**TASK BRIEF**. Quote the whole listing exactly. Leave the pictures out of your copy.

**DATA SHOWN**.
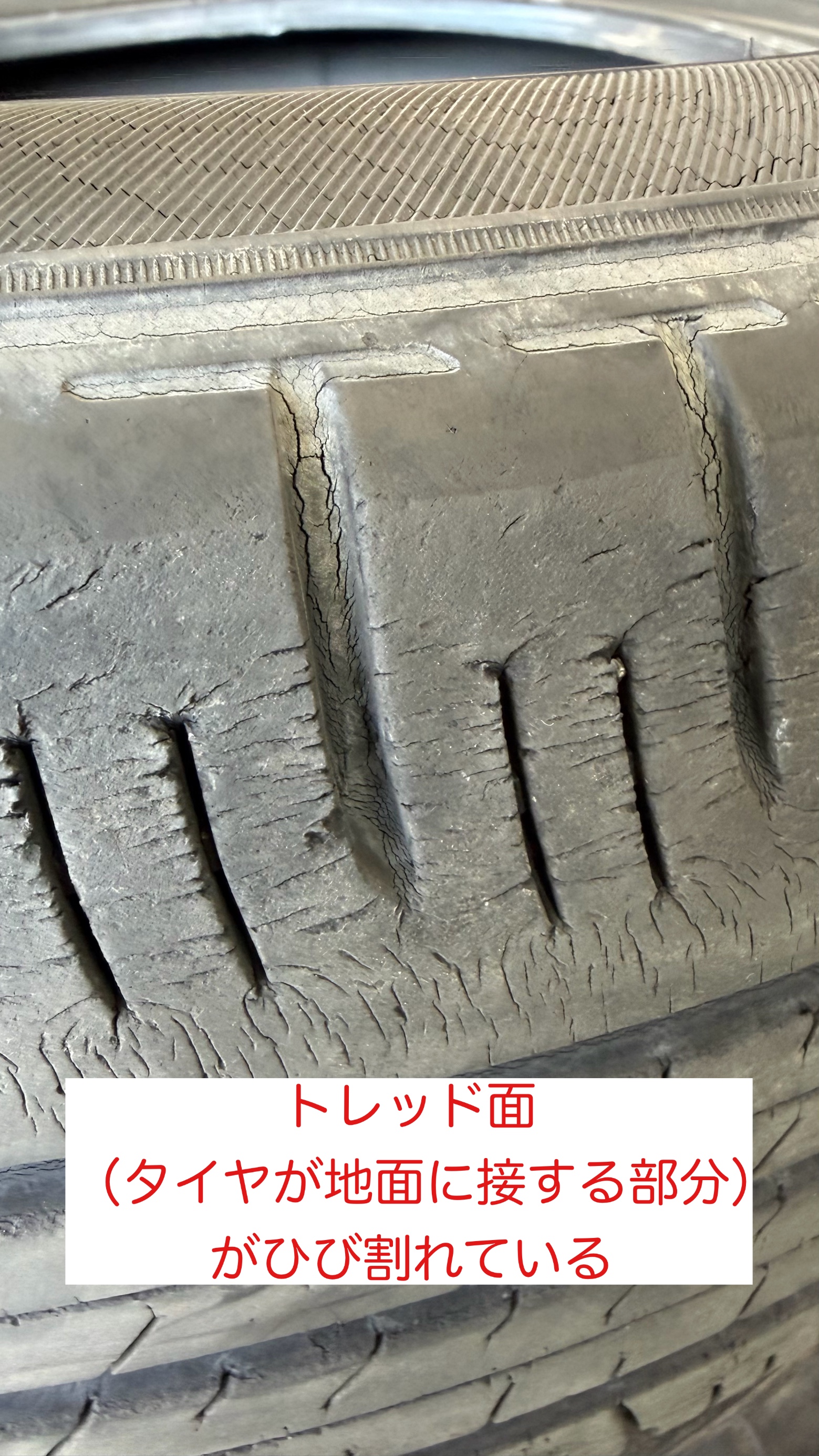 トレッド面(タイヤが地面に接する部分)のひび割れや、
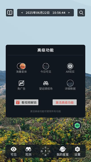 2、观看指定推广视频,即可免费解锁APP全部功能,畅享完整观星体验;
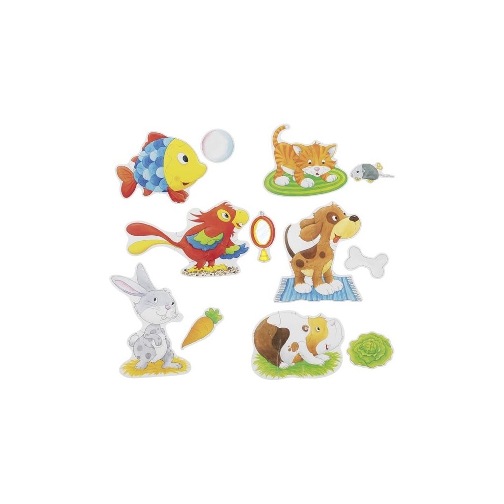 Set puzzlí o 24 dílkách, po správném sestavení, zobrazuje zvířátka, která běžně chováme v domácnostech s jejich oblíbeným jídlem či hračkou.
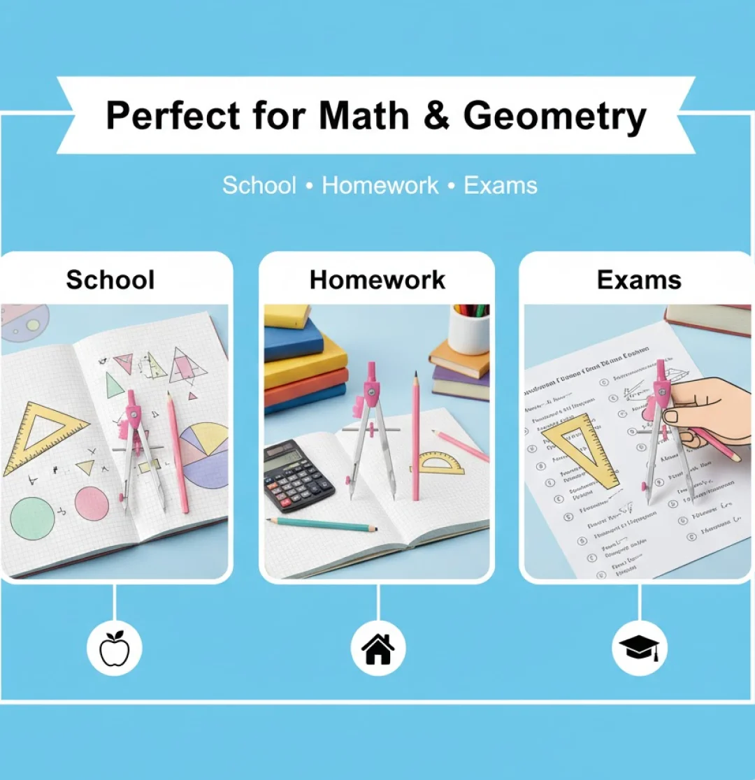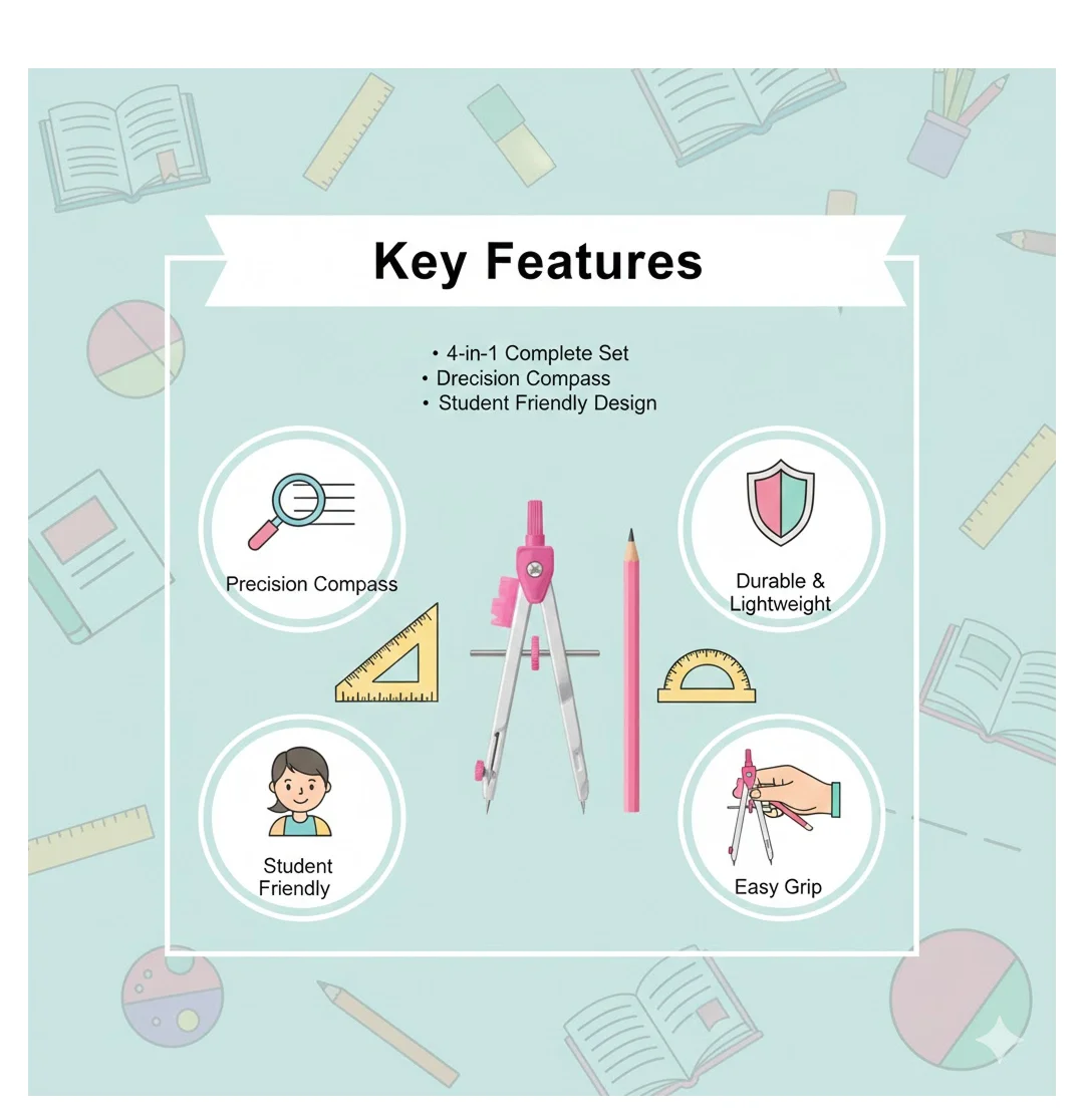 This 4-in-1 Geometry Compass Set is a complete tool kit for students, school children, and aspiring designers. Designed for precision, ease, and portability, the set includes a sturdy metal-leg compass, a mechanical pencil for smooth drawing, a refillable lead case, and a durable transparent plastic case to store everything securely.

**ANSWER TO THE EXERCISE**.
 トレッド面(タイヤが地面に接する部分)のひび割れや、
 2、观看指定推广视频,即可免费解锁APP全部功能,畅享完整观星体验;
 Set puzzlí o 24 dílkách, po správném sestavení, zobrazuje zvířátka, která běžně chováme v domácnostech s jejich oblíbeným jídlem či hračkou.
 This 4-in-1 Geometry Compass Set is a complete tool kit for students, school children, and aspiring designers. Designed for precision, ease, and portability, the set includes a sturdy metal-leg compass, a mechanical pencil for smooth drawing, a refillable lead case, and a durable transparent plastic case to store everything securely.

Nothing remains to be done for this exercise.